Bottom-up analysis is typically performed to confirm the protein sequence of therapeutic proteins. High sequence coverage of the protein is desirable to verify the identity of the sequence or modifications of it. However, high sequence coverage is dependent on the protein sequence and the available endoproteases.
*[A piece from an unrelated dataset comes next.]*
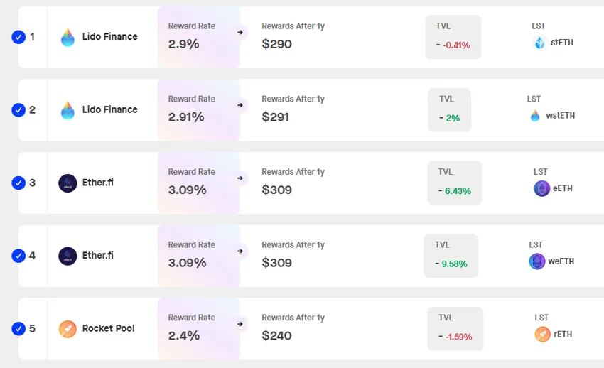 Este rendimiento sigue estando muy por debajo del de otras redes Proof-of-Stake populares, como Cosmos, Polkadot, Celestia y Solana. Las recompensas por staking para estas redes competidoras oscilan entre el 7% y el 21%.

Recombinant granulocyte colony-stimulating factor (G-CSF) produced in E. coli (Filgrastim) is in clinical use since 1991 to reduce the duration and severity of neutropenia in patients undergoing myelosuppressive chemotherapy and to mobilize peripheral blood progenitor cells. Using trypsin, only a sequence coverage of 20% was obtained, because this protein with 174 amino acids contains a long region (42–147) without any arginine or lysine, respectively. Cleavage with Sc(III) triflate revealed a sequence coverage of 95% with semi-specific N-terminal serine/threonine cleavage (individual Mascot ion scores > 13).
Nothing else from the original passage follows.